**INSTRUCTIONS FOR THE TASK:** Retype every line from the top of the entries down to the one with "В каютах 413, 415-418", both included, and skip the pictures.

>>>

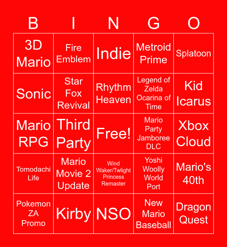 This bingo card has a free space and 24 words: Mario Movie 2 Update, Kirby, Rhythm Heaven, Pokemon ZA Promo, Splatoon, 3D Mario, Sonic, Fire Emblem, Mario Party Jamboree DLC, Wind Waker/Twlight Princess Remaster, Legend of Zelda Ocarina of Time, Mario RPG, Yoshi Woolly World Port, Mario's 40th, Star Fox Revival, New Mario Baseball, Xbox Cloud, Indie, Kid Icarus, Third Party, Dragon Quest, Tomodachi Life, Metroid Prime and NSO.
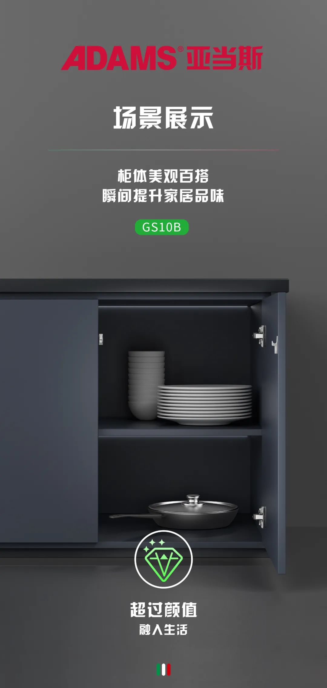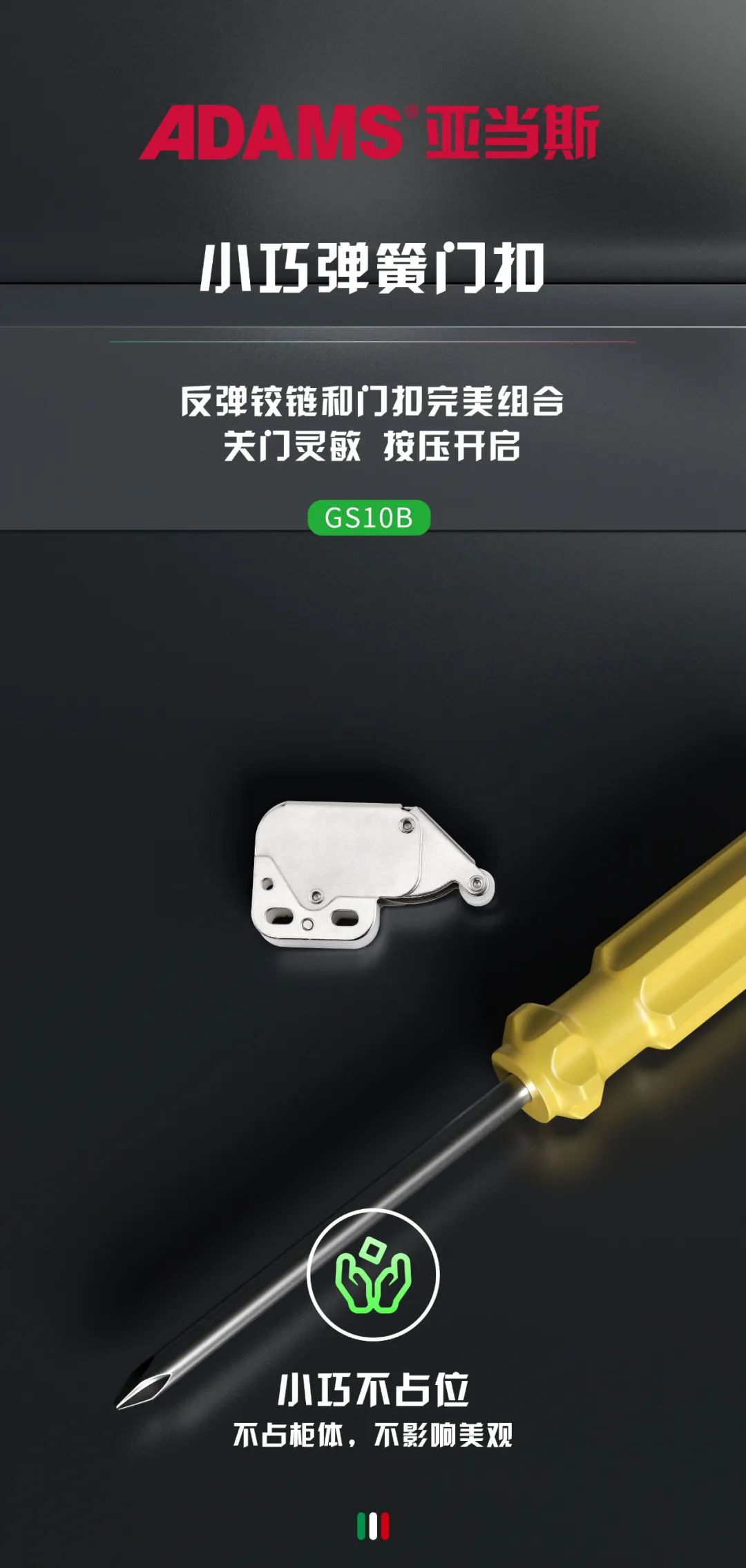 這對組合應用于無拉手柜門的設計,亞當斯GS10B反彈鉸鏈配置彈簧門扣,只需輕輕按壓柜門,門板即可自動大角度開啟,解決以往柜門不能達到全彈開的缺點,還需用手把柜門掰開的弊端。關門時,推門至關閉位,反彈器與門扣自鎖。
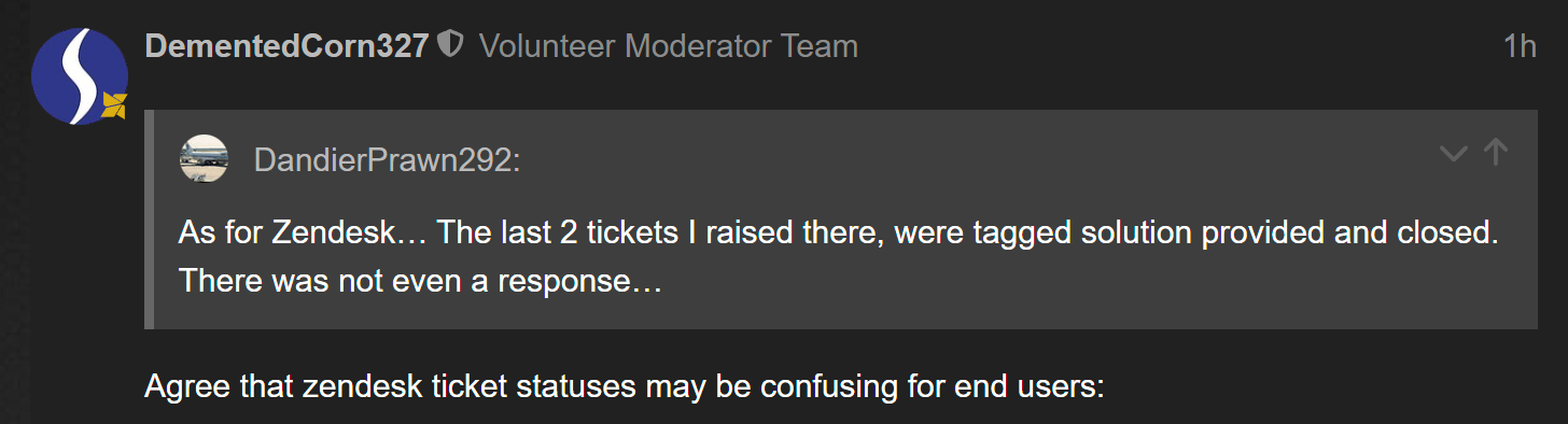 As for Zendesk.. The last 2 tickets I raised there, were tagged solution provided and closed. There was not even a response..
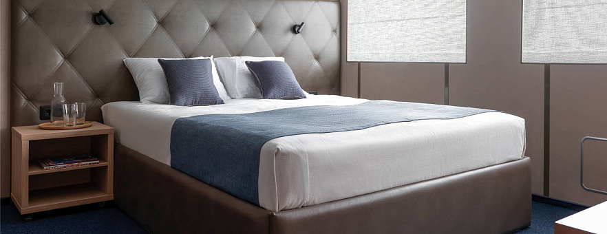 В каютах 413, 415-418 (шлюпочная палуба), 335-338 (средняя палуба) — двуспальная кровать размером 160х200 см, площадь каюты 10 м2
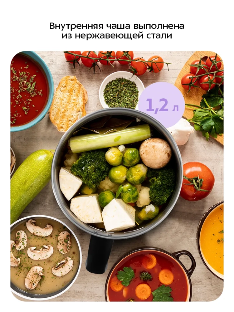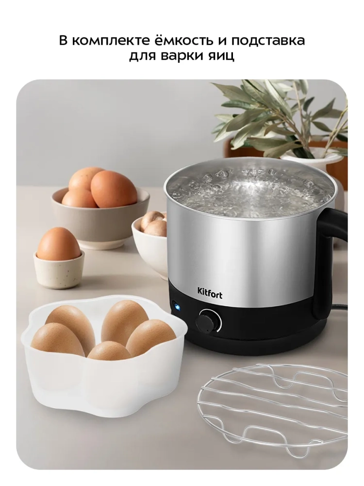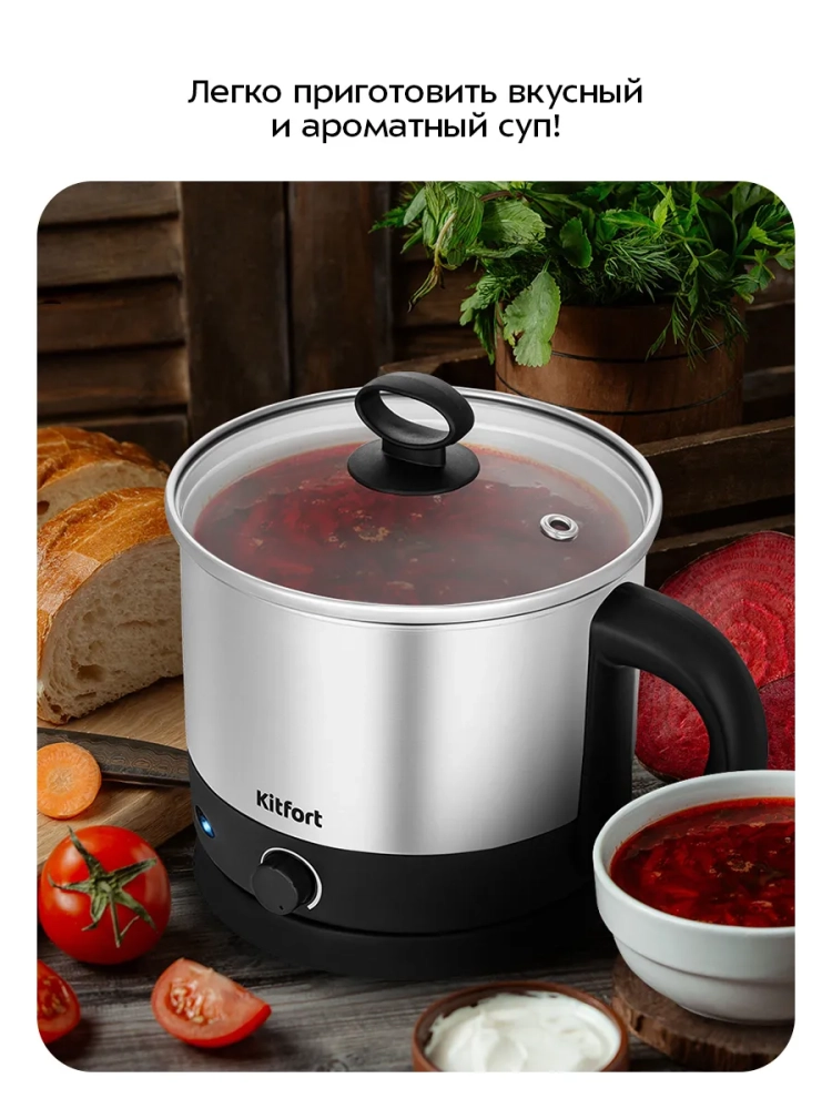Электрическая суповарка Kitfort КТ-223 — это незаменимый электро помощник на вашей кухне, который делает процесс приготовления супа простым и удобным. Этот мощный бытовой прибор с мощностью 600 Вт позволяет готовить вкусную и полезную еду без лишних хлопот. Супы являются важной частью готовки сбалансированной еды с овощами, фруктами, грибами и прочими продуктами и с помощью этой суповарки вы сможете легко включить их в свой рацион. Суповарка Kitfort выполнена из нержавеющей стали и пластика, что обеспечивает долговечность использования. Она оснащена крышкой, удобной ручкой и базой для устойчивости на поверхности. В комплект входит мини кастрюля для варки яиц и подставка для нее, что делает устройство еще и яйцеваркой. Объем рабочей емкости составляет 1,2 литра при общей вместимости 1,8 литра. Это позволяет приготовить достаточное количество супа в электрокастрюле за один раз как для небольшой семьи, так и для компании друзей. Благодаря автоматическому режиму работы вам не нужно постоянно следить за процессом: просто положите ингредиенты внутрь устройства, включите его — и через некоторое время ваш обед будет готов. Суповарка Kitfort КТ-223 идеально подходит как занятым людям с плотным графиком работы, так и мамам маленьких детей — она поможет быстро приготовить питательные супчики в чаше без лишних усилий. Напряжение прибора составляет ~220–240 В при частоте 50/60 Гц; класс защиты от поражения электрическим током: I. Этот товар станет отличным дополнением к вашему кухонному арсеналу благодаря своей универсальности использования: он может быть использован не только для приготовления супов или бульонов но также других блюд требующих длительного томления или варки.
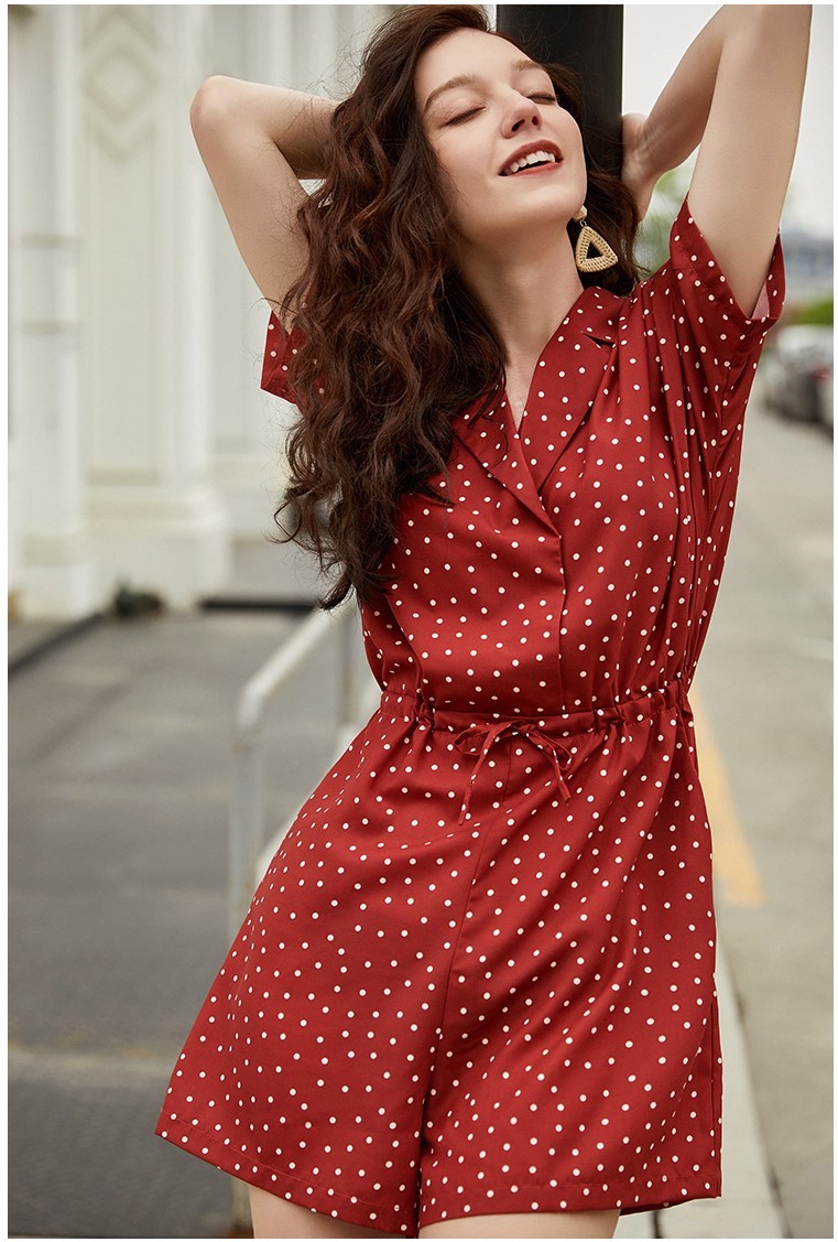 ARTKA POLKA DOT PRINT PLAYSUIT WITH TIE WAIST

<<<

**ANSWER:**
 This bingo card has a free space and 24 words: Mario Movie 2 Update, Kirby, Rhythm Heaven, Pokemon ZA Promo, Splatoon, 3D Mario, Sonic, Fire Emblem, Mario Party Jamboree DLC, Wind Waker/Twlight Princess Remaster, Legend of Zelda Ocarina of Time, Mario RPG, Yoshi Woolly World Port, Mario's 40th, Star Fox Revival, New Mario Baseball, Xbox Cloud, Indie, Kid Icarus, Third Party, Dragon Quest, Tomodachi Life, Metroid Prime and NSO.
 這對組合應用于無拉手柜門的設計,亞當斯GS10B反彈鉸鏈配置彈簧門扣,只需輕輕按壓柜門,門板即可自動大角度開啟,解決以往柜門不能達到全彈開的缺點,還需用手把柜門掰開的弊端。關門時,推門至關閉位,反彈器與門扣自鎖。
 As for Zendesk.. The last 2 tickets I raised there, were tagged solution provided and closed. There was not even a response..
 В каютах 413, 415-418 (шлюпочная палуба), 335-338 (средняя палуба) — двуспальная кровать размером 160х200 см, площадь каюты 10 м2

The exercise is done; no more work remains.